Collected material |
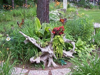 Placing a driftwood sculpture amid greenery and plants serves as a captivating focal point. The weathered and organic qualities of the driftwood blend harmoniously with the lush greenery, offering a tranquil and visually pleasing garden feature.
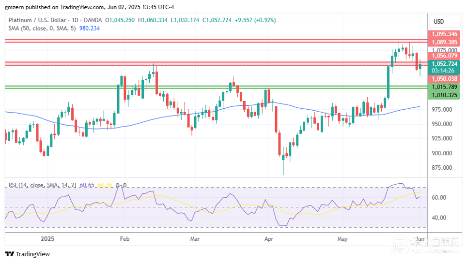 在大宗商品市场普遍反弹之际,铂金从日低反弹。 如果铂金回到1055美元上方,则将向下一个阻力位1090-1095美元前进。 白银网 |
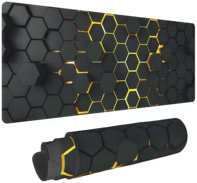Desk Mat Black Yellow Large Mouse Pad Gaming Mousepad Extended XL Desk Pad Keyboard Pad 31.5 x 12 inch Laptop Computer Mouse Keyboard Mat for Office Decor

Exercise goal | What is needed is an exact restatement of the lines from the line with "如果铂金回到1055美元上方,则将向下一个阻力位1090-1095美元前进。 白银网 |" through the final line of the data, pictures excluded.

Result of the task |
 在大宗商品市场普遍反弹之际,铂金从日低反弹。 如果铂金回到1055美元上方,则将向下一个阻力位1090-1095美元前进。 白银网 |
Desk Mat Black Yellow Large Mouse Pad Gaming Mousepad Extended XL Desk Pad Keyboard Pad 31.5 x 12 inch Laptop Computer Mouse Keyboard Mat for Office Decor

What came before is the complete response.